> [Items from a data source]:
═══

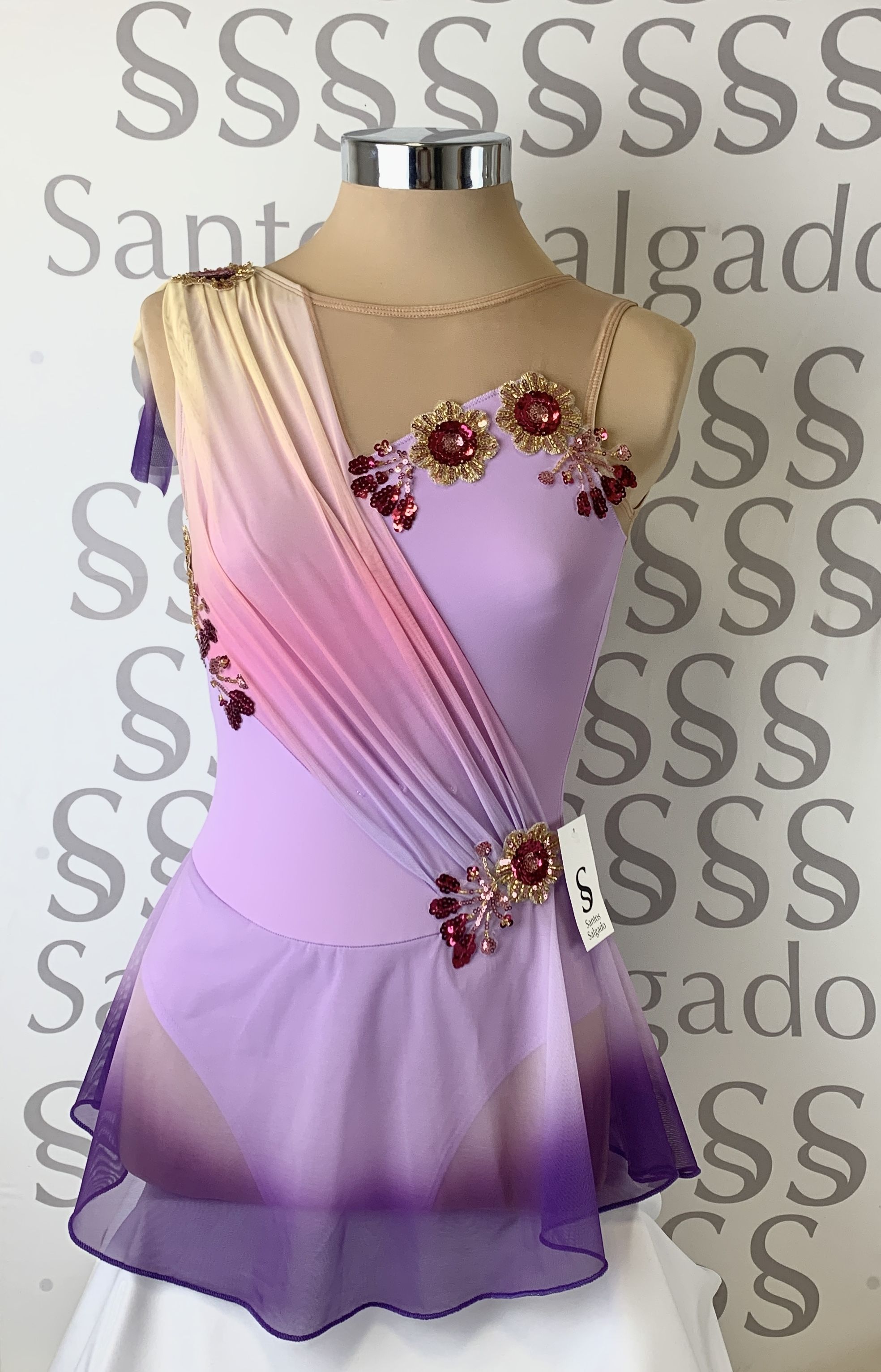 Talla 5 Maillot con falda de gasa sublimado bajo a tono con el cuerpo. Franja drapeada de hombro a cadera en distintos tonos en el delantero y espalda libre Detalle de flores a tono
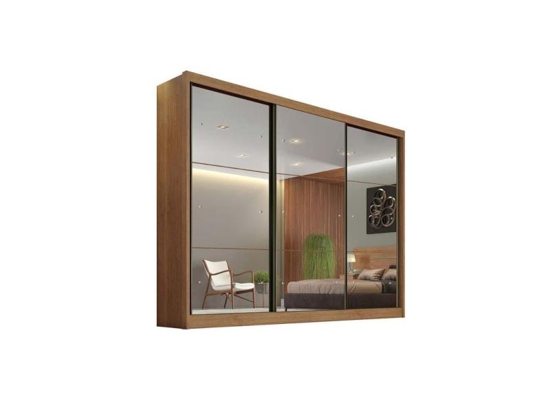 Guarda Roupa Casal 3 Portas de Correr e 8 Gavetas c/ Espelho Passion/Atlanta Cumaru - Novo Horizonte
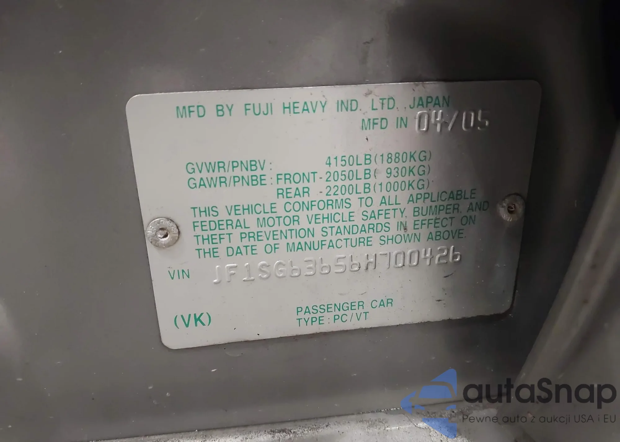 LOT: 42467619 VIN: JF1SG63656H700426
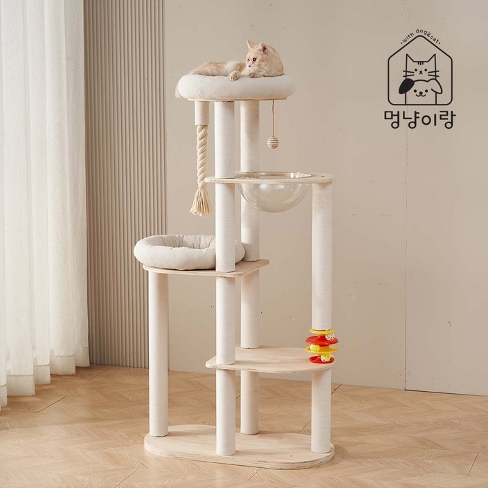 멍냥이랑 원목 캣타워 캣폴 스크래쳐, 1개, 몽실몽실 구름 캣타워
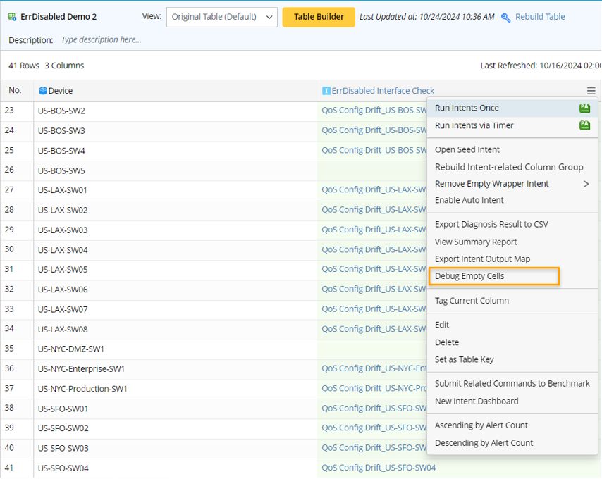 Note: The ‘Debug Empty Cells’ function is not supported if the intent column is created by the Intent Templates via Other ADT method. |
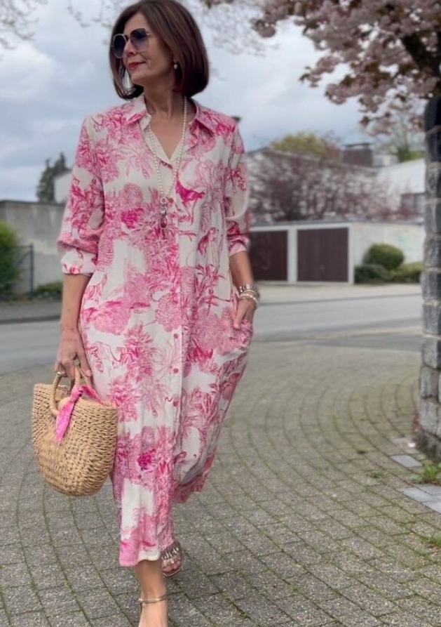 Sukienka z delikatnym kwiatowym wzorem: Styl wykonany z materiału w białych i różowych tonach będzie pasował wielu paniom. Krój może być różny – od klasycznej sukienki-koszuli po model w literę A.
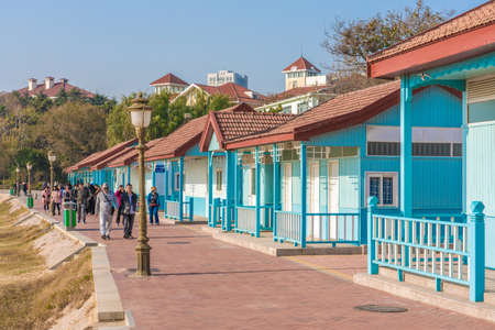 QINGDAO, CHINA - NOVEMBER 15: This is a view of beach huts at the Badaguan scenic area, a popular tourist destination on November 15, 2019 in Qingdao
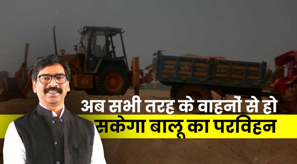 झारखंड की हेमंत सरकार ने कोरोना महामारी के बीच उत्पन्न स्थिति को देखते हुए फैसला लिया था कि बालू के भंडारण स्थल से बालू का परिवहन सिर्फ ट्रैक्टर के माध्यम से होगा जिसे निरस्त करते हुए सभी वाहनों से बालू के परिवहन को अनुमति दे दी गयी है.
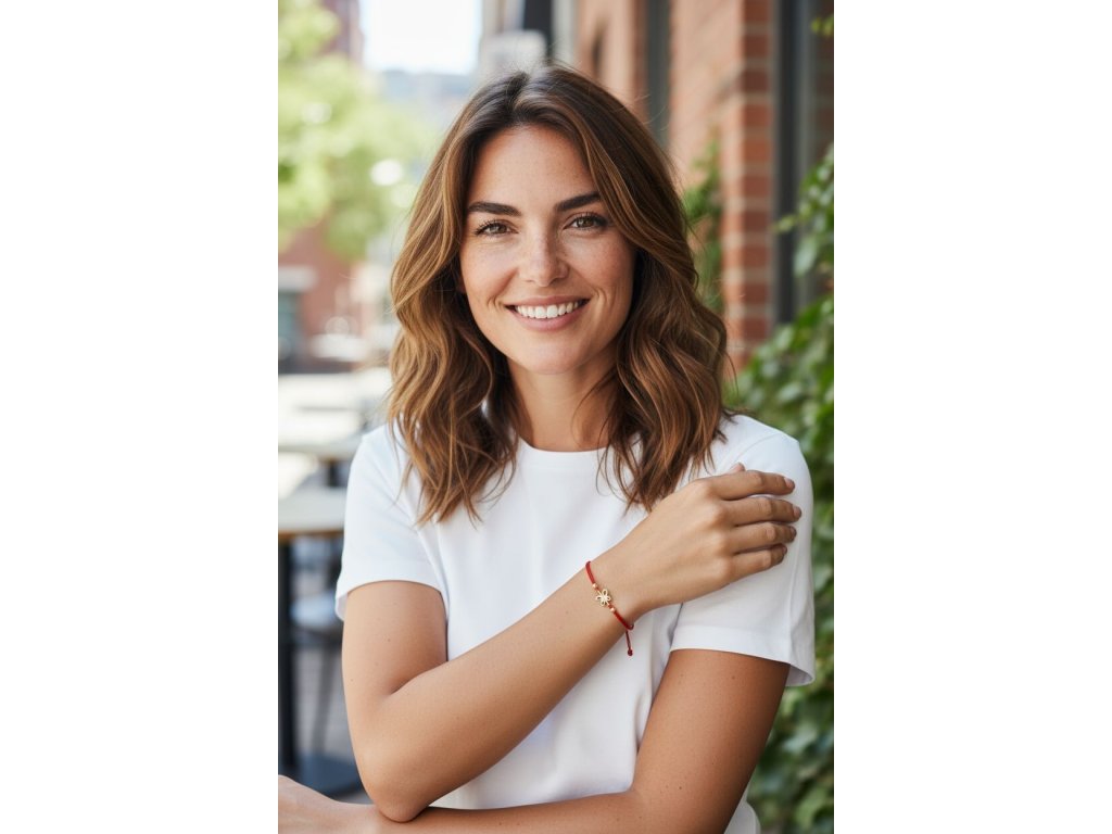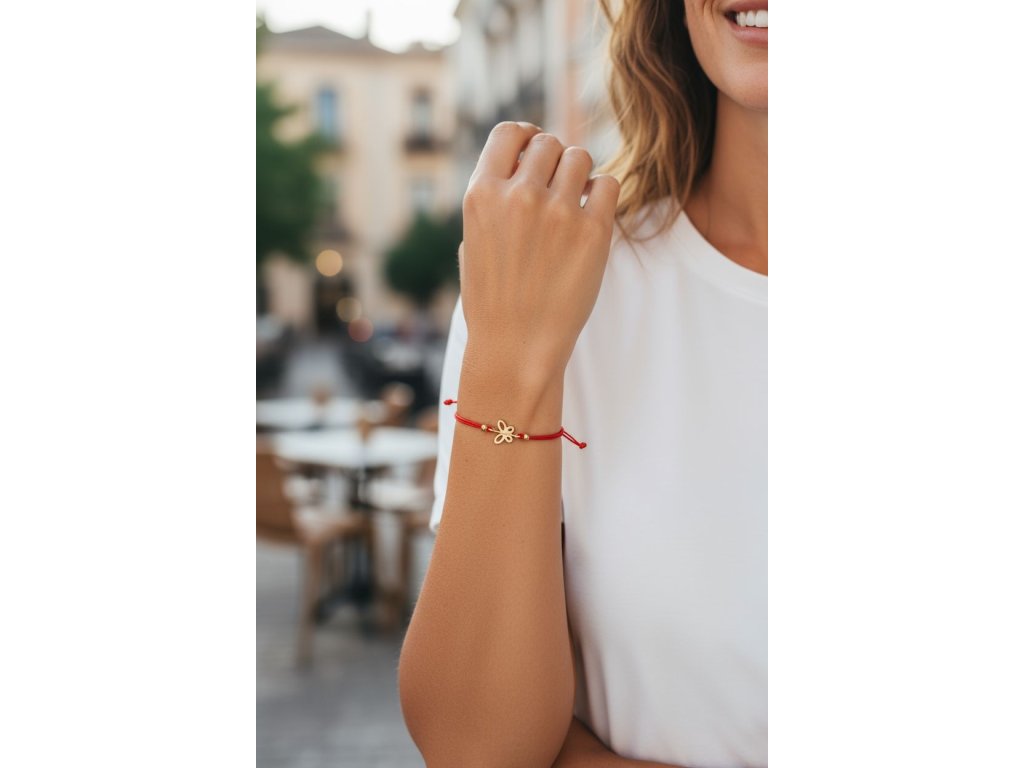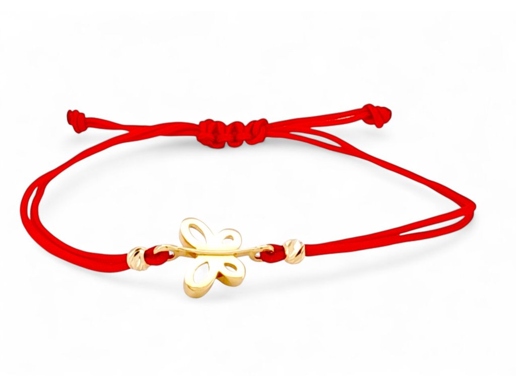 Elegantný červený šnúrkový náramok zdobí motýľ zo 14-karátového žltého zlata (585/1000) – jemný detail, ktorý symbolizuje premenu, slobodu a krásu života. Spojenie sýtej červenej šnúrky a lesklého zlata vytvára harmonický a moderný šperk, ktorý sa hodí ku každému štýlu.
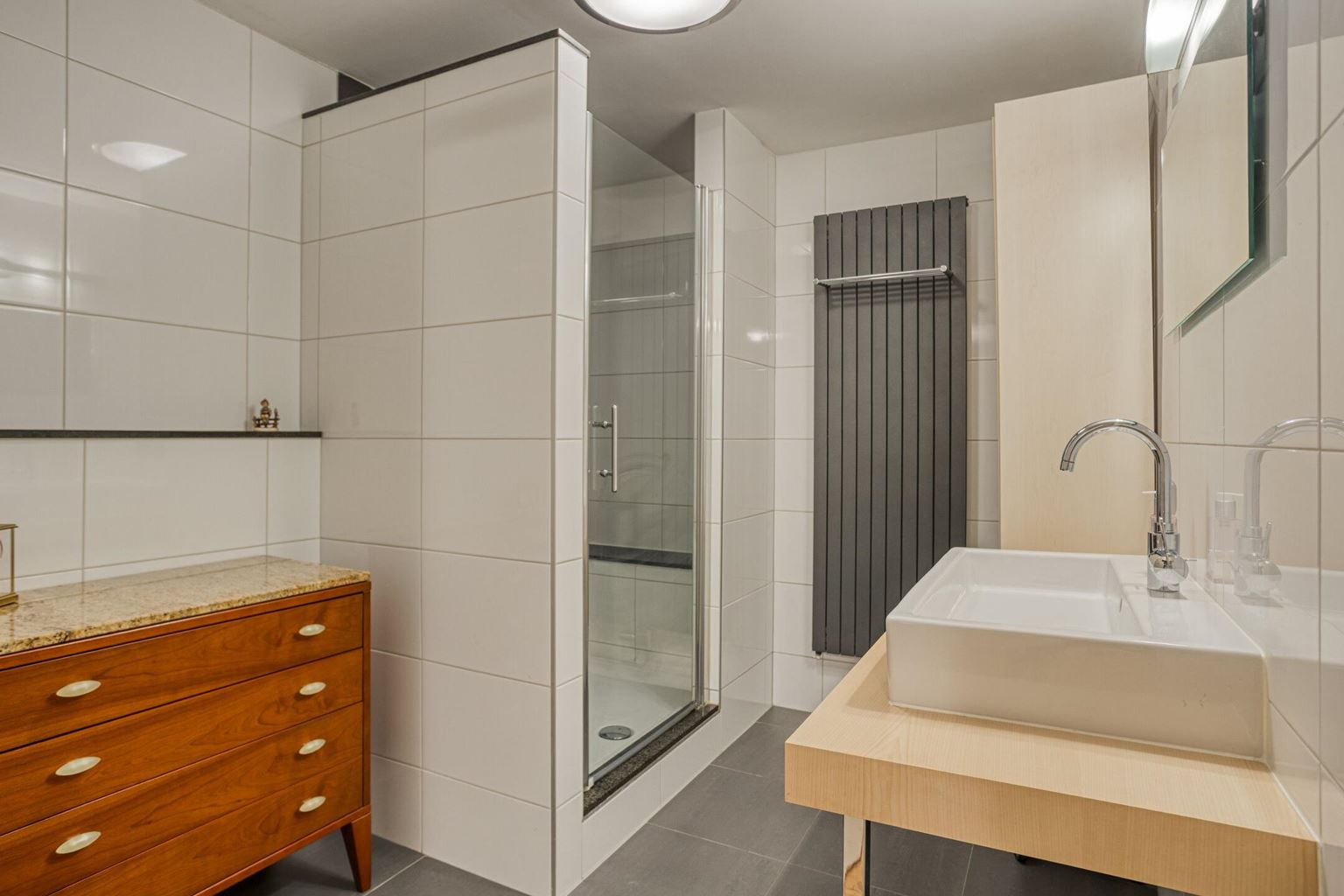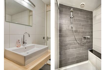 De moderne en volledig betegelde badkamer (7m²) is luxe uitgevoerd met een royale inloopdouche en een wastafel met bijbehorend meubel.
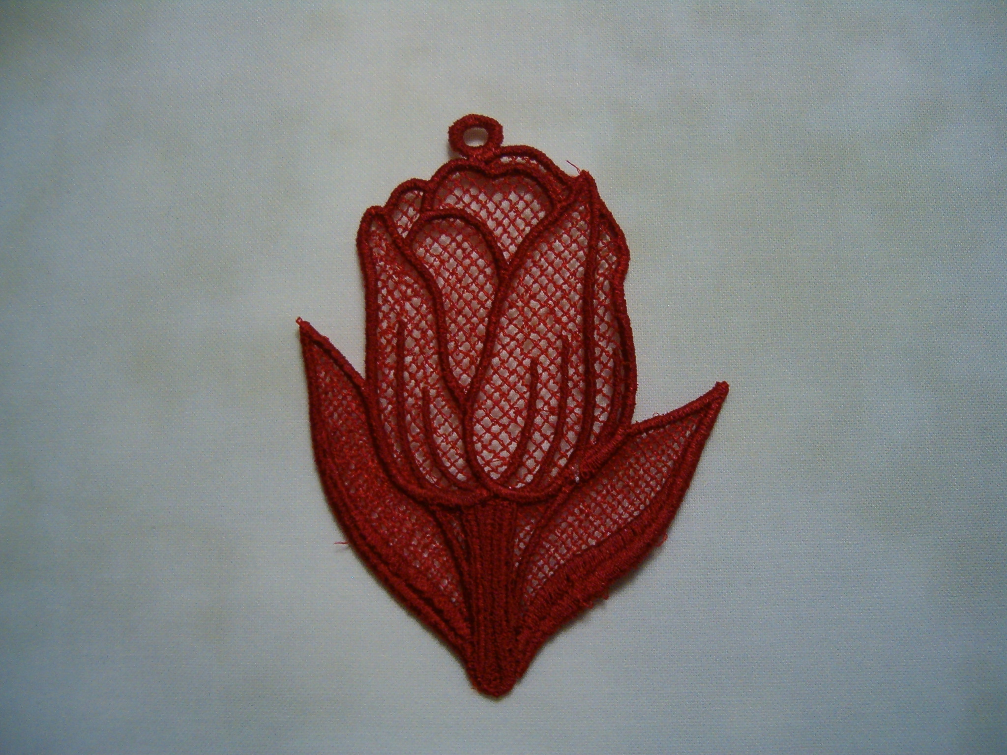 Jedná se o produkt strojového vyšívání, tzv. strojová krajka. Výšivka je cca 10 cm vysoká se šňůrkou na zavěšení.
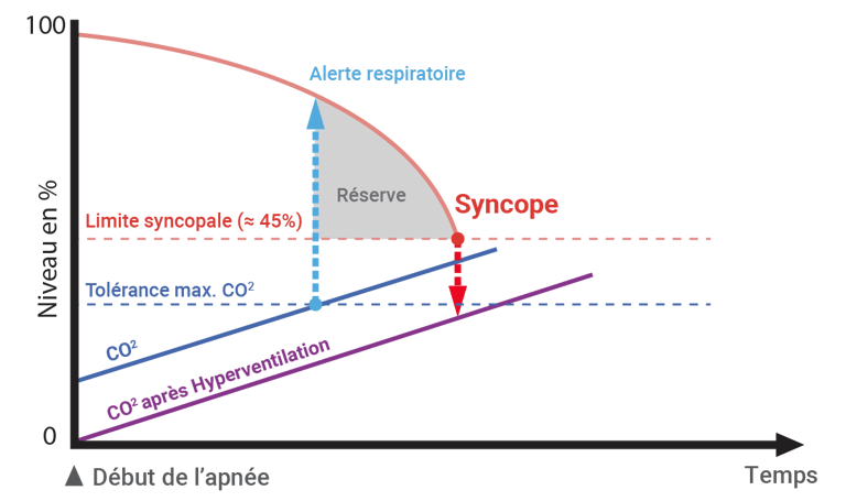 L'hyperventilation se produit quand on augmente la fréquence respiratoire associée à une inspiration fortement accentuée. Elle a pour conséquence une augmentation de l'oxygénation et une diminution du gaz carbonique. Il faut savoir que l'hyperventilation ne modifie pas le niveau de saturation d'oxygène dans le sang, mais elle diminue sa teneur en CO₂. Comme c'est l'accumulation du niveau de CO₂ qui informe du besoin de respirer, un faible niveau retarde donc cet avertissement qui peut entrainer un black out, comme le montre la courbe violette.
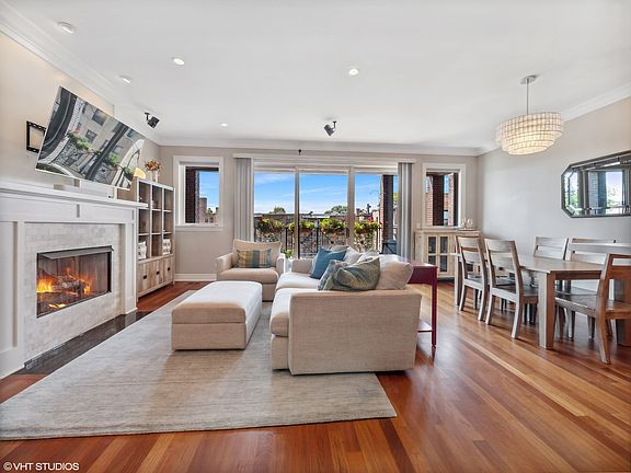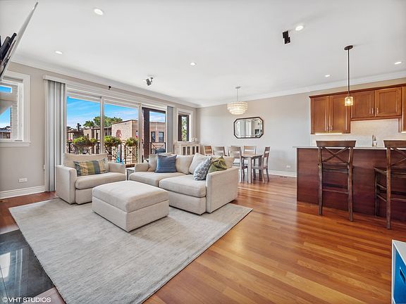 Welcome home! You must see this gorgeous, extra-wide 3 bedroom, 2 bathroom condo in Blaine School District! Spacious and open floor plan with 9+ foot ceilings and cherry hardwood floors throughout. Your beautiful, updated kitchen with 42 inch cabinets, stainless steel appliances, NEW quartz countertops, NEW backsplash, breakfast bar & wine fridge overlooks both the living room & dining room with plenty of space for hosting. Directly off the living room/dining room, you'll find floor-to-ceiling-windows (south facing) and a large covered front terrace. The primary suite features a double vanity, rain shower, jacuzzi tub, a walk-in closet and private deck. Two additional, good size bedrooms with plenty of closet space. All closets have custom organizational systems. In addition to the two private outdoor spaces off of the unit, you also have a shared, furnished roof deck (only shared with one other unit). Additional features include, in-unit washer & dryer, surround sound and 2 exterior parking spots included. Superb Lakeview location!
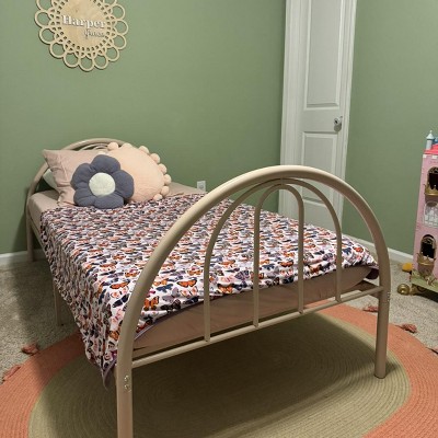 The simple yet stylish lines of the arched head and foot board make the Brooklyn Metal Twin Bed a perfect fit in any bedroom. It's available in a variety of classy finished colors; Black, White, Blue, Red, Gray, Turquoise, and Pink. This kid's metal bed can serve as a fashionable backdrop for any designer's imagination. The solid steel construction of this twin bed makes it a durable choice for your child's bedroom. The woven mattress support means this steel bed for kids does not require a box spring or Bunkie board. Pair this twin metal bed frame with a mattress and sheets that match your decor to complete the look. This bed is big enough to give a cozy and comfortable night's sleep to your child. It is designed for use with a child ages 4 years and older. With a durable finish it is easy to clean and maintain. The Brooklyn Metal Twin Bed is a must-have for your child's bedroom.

═══

> [Task item]: For this exercise, return the records above in full and exactly, omitting the images.

> [Exercise response]:
 Talla 5 Maillot con falda de gasa sublimado bajo a tono con el cuerpo. Franja drapeada de hombro a cadera en distintos tonos en el delantero y espalda libre Detalle de flores a tono
 Guarda Roupa Casal 3 Portas de Correr e 8 Gavetas c/ Espelho Passion/Atlanta Cumaru - Novo Horizonte
 LOT: 42467619 VIN: JF1SG63656H700426
 멍냥이랑 원목 캣타워 캣폴 스크래쳐, 1개, 몽실몽실 구름 캣타워
 Note: The ‘Debug Empty Cells’ function is not supported if the intent column is created by the Intent Templates via Other ADT method. |
 Sukienka z delikatnym kwiatowym wzorem: Styl wykonany z materiału w białych i różowych tonach będzie pasował wielu paniom. Krój może być różny – od klasycznej sukienki-koszuli po model w literę A.
 QINGDAO, CHINA - NOVEMBER 15: This is a view of beach huts at the Badaguan scenic area, a popular tourist destination on November 15, 2019 in Qingdao
 झारखंड की हेमंत सरकार ने कोरोना महामारी के बीच उत्पन्न स्थिति को देखते हुए फैसला लिया था कि बालू के भंडारण स्थल से बालू का परिवहन सिर्फ ट्रैक्टर के माध्यम से होगा जिसे निरस्त करते हुए सभी वाहनों से बालू के परिवहन को अनुमति दे दी गयी है.
 Elegantný červený šnúrkový náramok zdobí motýľ zo 14-karátového žltého zlata (585/1000) – jemný detail, ktorý symbolizuje premenu, slobodu a krásu života. Spojenie sýtej červenej šnúrky a lesklého zlata vytvára harmonický a moderný šperk, ktorý sa hodí ku každému štýlu.
 De moderne en volledig betegelde badkamer (7m²) is luxe uitgevoerd met een royale inloopdouche en een wastafel met bijbehorend meubel.
 Jedná se o produkt strojového vyšívání, tzv. strojová krajka. Výšivka je cca 10 cm vysoká se šňůrkou na zavěšení.
 L'hyperventilation se produit quand on augmente la fréquence respiratoire associée à une inspiration fortement accentuée. Elle a pour conséquence une augmentation de l'oxygénation et une diminution du gaz carbonique. Il faut savoir que l'hyperventilation ne modifie pas le niveau de saturation d'oxygène dans le sang, mais elle diminue sa teneur en CO₂. Comme c'est l'accumulation du niveau de CO₂ qui informe du besoin de respirer, un faible niveau retarde donc cet avertissement qui peut entrainer un black out, comme le montre la courbe violette.
 Welcome home! You must see this gorgeous, extra-wide 3 bedroom, 2 bathroom condo in Blaine School District! Spacious and open floor plan with 9+ foot ceilings and cherry hardwood floors throughout. Your beautiful, updated kitchen with 42 inch cabinets, stainless steel appliances, NEW quartz countertops, NEW backsplash, breakfast bar & wine fridge overlooks both the living room & dining room with plenty of space for hosting. Directly off the living room/dining room, you'll find floor-to-ceiling-windows (south facing) and a large covered front terrace. The primary suite features a double vanity, rain shower, jacuzzi tub, a walk-in closet and private deck. Two additional, good size bedrooms with plenty of closet space. All closets have custom organizational systems. In addition to the two private outdoor spaces off of the unit, you also have a shared, furnished roof deck (only shared with one other unit). Additional features include, in-unit washer & dryer, surround sound and 2 exterior parking spots included. Superb Lakeview location!
 The simple yet stylish lines of the arched head and foot board make the Brooklyn Metal Twin Bed a perfect fit in any bedroom. It's available in a variety of classy finished colors; Black, White, Blue, Red, Gray, Turquoise, and Pink. This kid's metal bed can serve as a fashionable backdrop for any designer's imagination. The solid steel construction of this twin bed makes it a durable choice for your child's bedroom. The woven mattress support means this steel bed for kids does not require a box spring or Bunkie board. Pair this twin metal bed frame with a mattress and sheets that match your decor to complete the look. This bed is big enough to give a cozy and comfortable night's sleep to your child. It is designed for use with a child ages 4 years and older. With a durable finish it is easy to clean and maintain. The Brooklyn Metal Twin Bed is a must-have for your child's bedroom.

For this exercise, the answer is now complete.